◆ WORK ORDER: What are the lines below, starting at the line containing "iExit Search is" and ending at the line containing "Η Tapo C545D"? Write them out exactly, ends included, without pictures.

◆ PROVIDED MATERIAL:

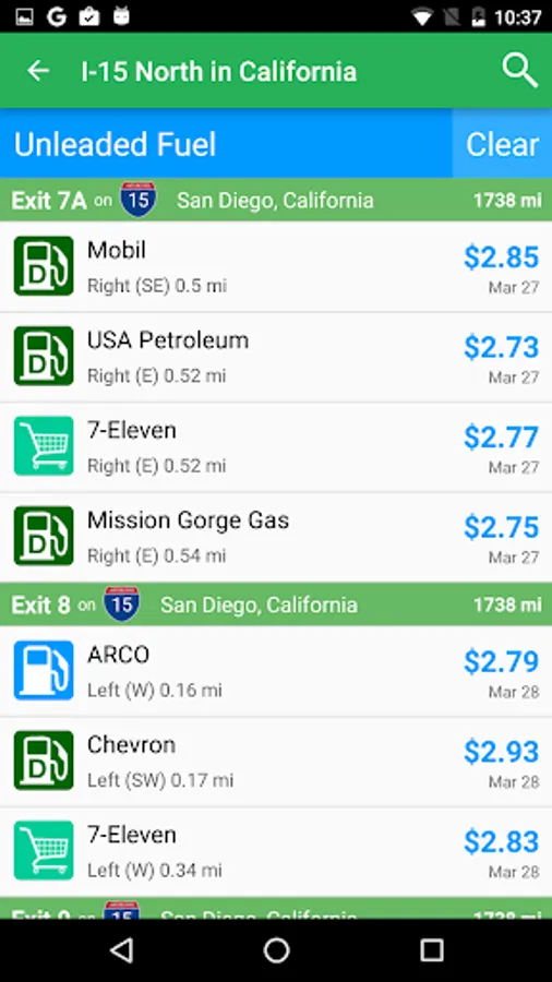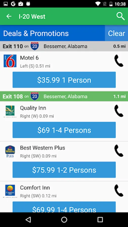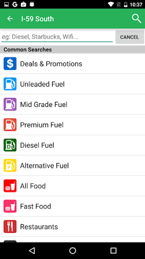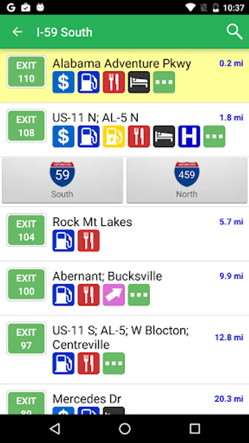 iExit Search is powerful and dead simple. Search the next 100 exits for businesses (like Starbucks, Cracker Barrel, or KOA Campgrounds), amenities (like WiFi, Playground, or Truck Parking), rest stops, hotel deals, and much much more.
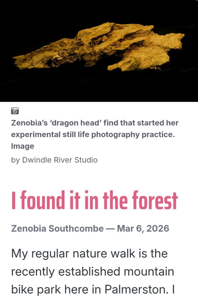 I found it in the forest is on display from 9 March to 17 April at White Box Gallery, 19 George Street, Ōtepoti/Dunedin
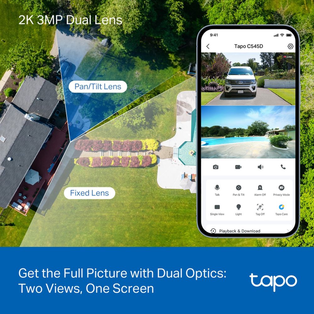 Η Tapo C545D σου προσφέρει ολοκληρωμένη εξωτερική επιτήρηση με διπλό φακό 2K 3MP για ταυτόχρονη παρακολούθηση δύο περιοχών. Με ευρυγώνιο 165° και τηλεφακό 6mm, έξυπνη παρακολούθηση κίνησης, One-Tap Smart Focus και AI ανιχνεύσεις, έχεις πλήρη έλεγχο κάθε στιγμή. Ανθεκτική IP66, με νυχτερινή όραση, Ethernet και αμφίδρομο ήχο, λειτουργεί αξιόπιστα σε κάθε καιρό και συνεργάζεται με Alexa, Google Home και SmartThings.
---
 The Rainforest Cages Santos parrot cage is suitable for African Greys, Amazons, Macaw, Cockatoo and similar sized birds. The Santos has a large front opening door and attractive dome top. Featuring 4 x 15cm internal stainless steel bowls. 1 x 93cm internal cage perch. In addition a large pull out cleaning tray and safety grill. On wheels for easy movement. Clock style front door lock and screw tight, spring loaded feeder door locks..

◆ SOLUTION FOR THIS PROBLEM:
 iExit Search is powerful and dead simple. Search the next 100 exits for businesses (like Starbucks, Cracker Barrel, or KOA Campgrounds), amenities (like WiFi, Playground, or Truck Parking), rest stops, hotel deals, and much much more.
 I found it in the forest is on display from 9 March to 17 April at White Box Gallery, 19 George Street, Ōtepoti/Dunedin
 Η Tapo C545D σου προσφέρει ολοκληρωμένη εξωτερική επιτήρηση με διπλό φακό 2K 3MP για ταυτόχρονη παρακολούθηση δύο περιοχών. Με ευρυγώνιο 165° και τηλεφακό 6mm, έξυπνη παρακολούθηση κίνησης, One-Tap Smart Focus και AI ανιχνεύσεις, έχεις πλήρη έλεγχο κάθε στιγμή. Ανθεκτική IP66, με νυχτερινή όραση, Ethernet και αμφίδρομο ήχο, λειτουργεί αξιόπιστα σε κάθε καιρό και συνεργάζεται με Alexa, Google Home και SmartThings.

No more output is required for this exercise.